Em 10 de janeiro deste ano, dois dias antes do rombo de R$ 20 bilhões da Americanas vir à tona, outra gigante do varejo ganhou os holofotes. Dona da Riachuelo e avaliada em R$ 2,5 bilhões, a Guararapes fechou sua fábrica em Fortaleza, demitindo cerca de 2 mil funcionários.

A medida ganhou ainda mais peso ao ser precedida por outros dois passos. Um deles, dado uma semana antes: a decisão de cobrar o estacionamento no Midway Mall, shopping da empresa em Natal (RN), algo que iria na contramão de uma premissa de Nevaldo Rocha, fundador do grupo, falecido em 2020.

“Há um mito nesse ponto.

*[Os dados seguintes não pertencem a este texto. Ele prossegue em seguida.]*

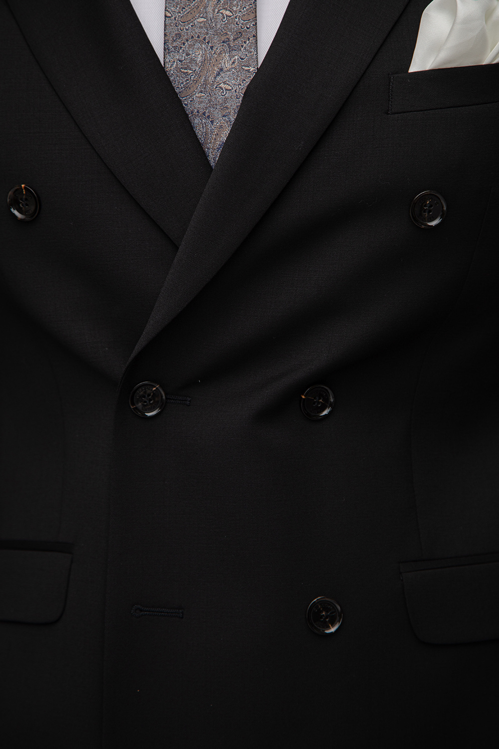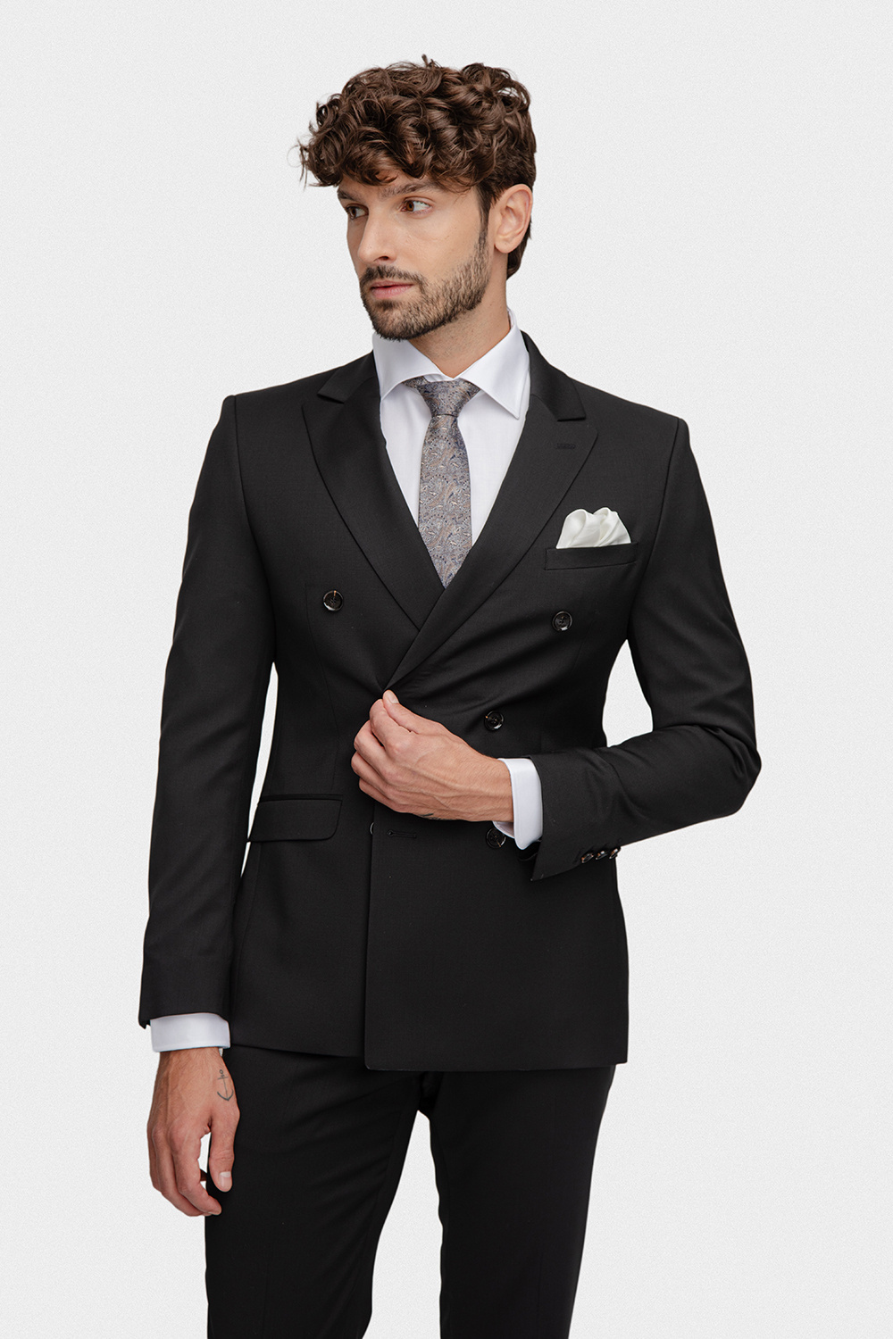 Klasyczna czerń w połączeniu z dwurzędowym zapięciem tworzy ponadczasowy, szykowny efekt. Boczne kieszenie z patkami oraz cięta brustasza dodają marynarce funkcjonalności, a jednocześnie podkreślają jej charakter premium. Dopasowany, smukły krój akcentuje męską sylwetkę, gwarantując elegancki, nowoczesny wygląd.

O ‘seu’ Nevaldo sempre primou pela eficiência. A ideia era sermos os últimos a cobrar e esse foi o momento certo”, diz Oswaldo Nunes, CEO da Guararapes, ao NeoFeed. “E fechar a fábrica era um plano que já vinha em curso desde 2021.”

O pacote foi embalado ainda pelo rumor de que o grupo teria contratado bancos de investimentos para buscar uma fusão. Aqui, o CEO se limita a dizer que a empresa “está sempre avaliando oportunidades que possam fazer sentido”.

À parte do burburinho e da agenda oficial - fruto de um trabalho com a consultoria Bain & Co. -, outros elementos explicam essas movimentações. O mix envolve a preparação para um cenário pouco favorável na economia e novas ameaças na concorrência.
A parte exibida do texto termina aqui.